Uiteraard heeft de nazi-ideologie ervoor gezorgd dat Eichmann ongestraft kon moorden, en dat hij voor die wandaden door zijn meerderen zelfs werd beloond, maar... ook de 'duivel' beloont de dief met zijn buit! Als de 'redenering' van Cesarani een argument mag wezen, dan ook het uitvlucht van elke crimineel: en dan dient een rechter die dit argument beaamt, te oordelen dat al 's mensens fouten gewoon het werk van die 'duivel' zijn - uiteindelijk de enige overblijvende schuldige.
Nu wordt de 'duivel' in de mythologie getypeerd als de 'niet-persoon' bij uitstek: hij is de negatie van een persoon, hij is een 'legioen' of een 'meerkoppige draak', wat wil zeggen: 'iemand' die 'niet is', en die dus niet tot het dragen van verantwoordelijkheid in staat is, zodat het schuldbegrip afketst op zijn pantser.
In de 'mythologie' van het Christendom heeft daarom God zelf alle schuld op zich genomen en ook uitgeboet. Immers: er is wel degelijk van misdaad sprake, bijvoorbeeld in de Eichmann-historie, want slachtoffers zijn er onmiskenbaar; er is dus ook sprake van verantwoordelijkheid en schuld. Maar de erkenning van de misdaad, gekoppeld aan de negatie van het bestaan van schuld, zoals dat klaarblijkelijk het geval is in Cesarani's betoog, is een ronduit contradictorische stellingname. Zij blijkt, evenals de misdaad zelf, volstrekt ondoordacht. En voor hen aan wie het gegeven is te kunnen denken, is denken een heilige plicht.

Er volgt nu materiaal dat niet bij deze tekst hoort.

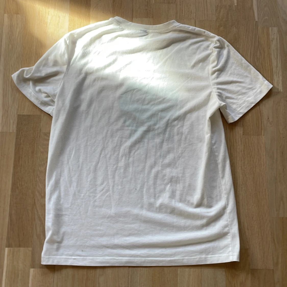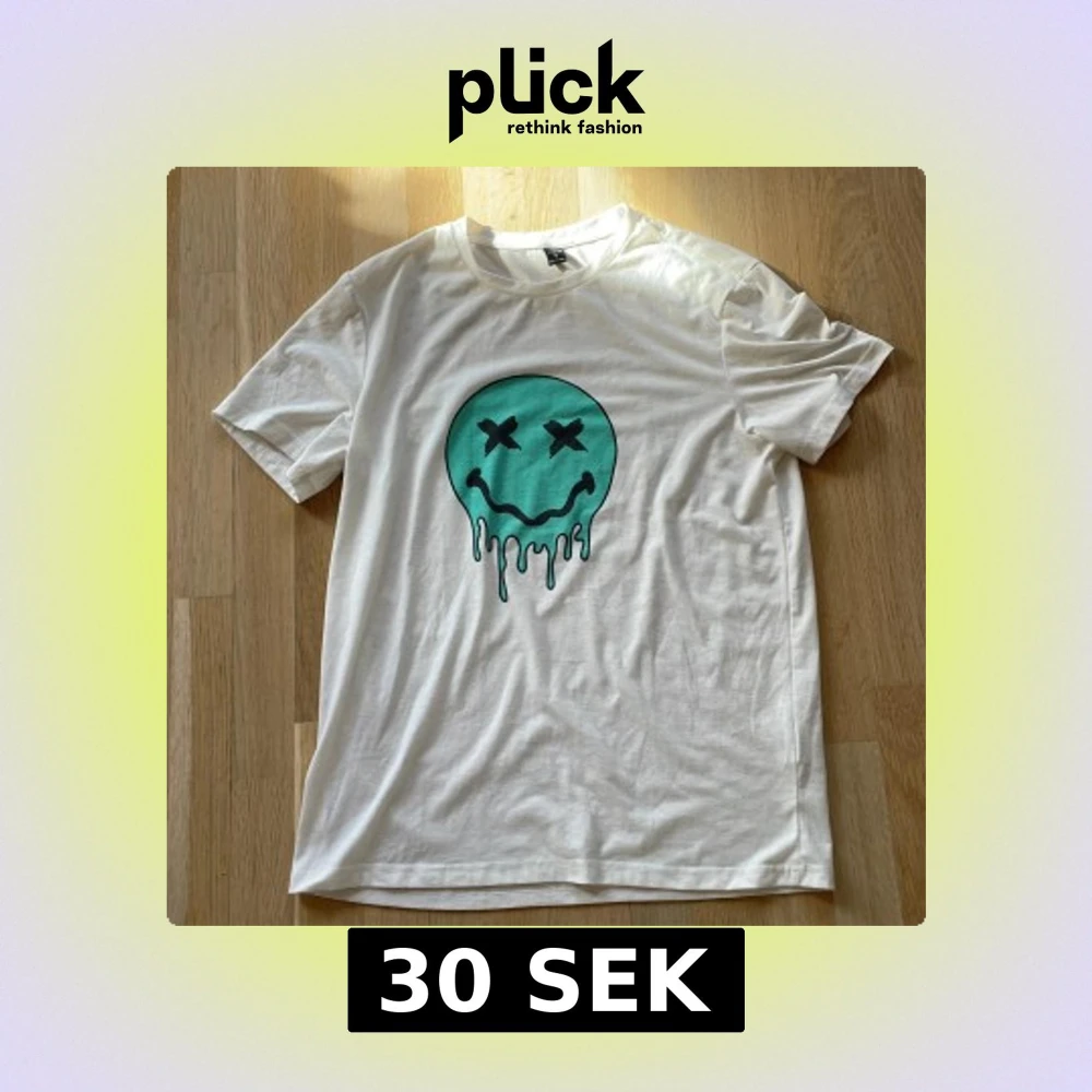 Säljer en vit t-shirt från Shein med ett coolt tryck av ett smältande ansikte i turkos. T-shirten är kortärmad och gjord i en mjuk polyesterblandning. Perfekt för en avslappnad stil!

Maar misschien nog meer dan dat alles, rijst hier de vraag of het Christendom dan niet de enige 'ideologie' is, die de beschreven contradictie overstijgt - wat het meteen tot veel meer maakt dan louter een ideologie.
Noten:
(1) Zie: http://www.serendib.be/gievandenberghe/artikels/goedenkwaadherzien.htm - ook verschenen in De Standaard der Letteren van 8 september 2005.
(2) Uitgegeven bij Anthos/Manteau, Antwerpen, 2005.
(3) Zie ook: Arendt, Hannah, Eichmann in Jeruzalem. De banaliteit van het kwaad, Amsterdam/Antwerpen, Atlas, 2005 en Arendt, Hannah, Het zionisme bij nader inzien, Amsterdam, Mets & Schilt, 2005.
(4) van den Berghe, Goed en kwaad herzien, laatste paragraaf.